Часть 1. Путь за Дунай
1
Солнце медленно выглянуло из-за горизонта. Его первые лучи упали на землю, согревая её, прогоняя холод минувшей ночи.
В сарае фермы, расположенной в низине между гор, спал мальчик. Свернувшись в клубок, он, оборванный и грязный, лежал на посеревшей от времени соломе. Плечи его сжимались и дрожали не столько от ночной прохлады, сколько от тревожного сна. Бледные худые руки прижимали ноги к груди. Страх искажал лицо ребенка, а синие следы побоев, видневшиеся на спине сквозь дыры в тунике, выдавали его причину.
Несколько обветшалых строений, загоны и грязные навозные лужи – вот всё, что представляла собой ферма. Она принадлежала старинному сенатскому роду, владевшему кроме неё ещё большим поместьем южнее Маркианополя. Некогда, благородная семья имела в Нижней Мизии куда больше: на душистых лугах паслись тысячи овец, выращивая хлеб, на полях трудилось до двух тысяч рабов и колонов -зависимых земледельцев-арендаторов. Нашествия варваров, эпидемии и мятежи сделали свое дело. Старая ферма и одно поместье были тем немногим, что смог сохранить старинный римский род в придунайской провинции.

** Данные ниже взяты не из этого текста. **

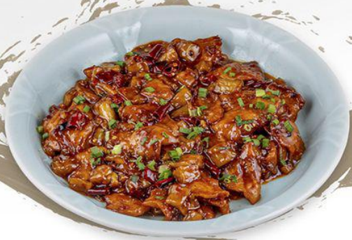
ШОШНЫ СҮМСЭНД ЖИГНЭСЭН ЗАГАС, ХАШТАЙ ХУУРГА Braised Fish with Eggplant in Bean Sauce 茄子酱烧鱼 70,800₮
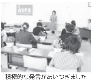
積極的な発言があいつぎました

みんなで話し合っ、働きやすい職場をつくろうと、自治体一般安城ヘルパー分会の総会が5月19日、安城総合福祉センターで
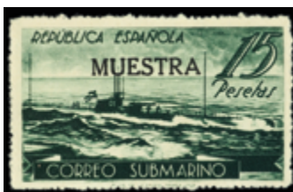
1432 20 €
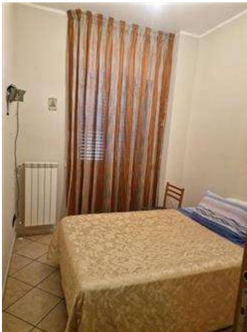
Cucina trasformata in cameretta primo piano
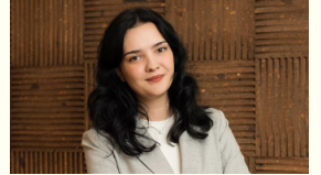
BESTE TURAN AVUKAT

Patent ve Faydalı Modeller Fikri Mülkiyet İlaç, Tıbbi Cihaz ve Sağlık Hukuku
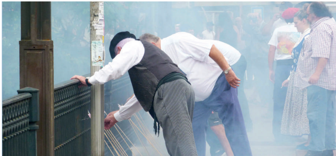
Jaien hasieran hainbat txapligo jaurtitzen dute Montoiko zubitik.

Жена старшего пастуха проснулась с трудом. Отмахиваясь от назойливых мух, она выбралась из темного, пропахшего гнилью дома. Слепящий свет остановил её на пороге. Толстая женщина потёрла кулаками заспанные глаза и, покачиваясь, подошла к столу. Она взяла глиняный кувшин и сделала несколько жадных глотков. Потом она потянулась и, оглядевшись, закричала изо всех сил:
– Проклятый мальчишка! Амвр! Сколько я могу тебя звать! Вставай и иди сюда, бестолочь. Иди или я разозлюсь и размозжу тебе голову! Слышишь меня?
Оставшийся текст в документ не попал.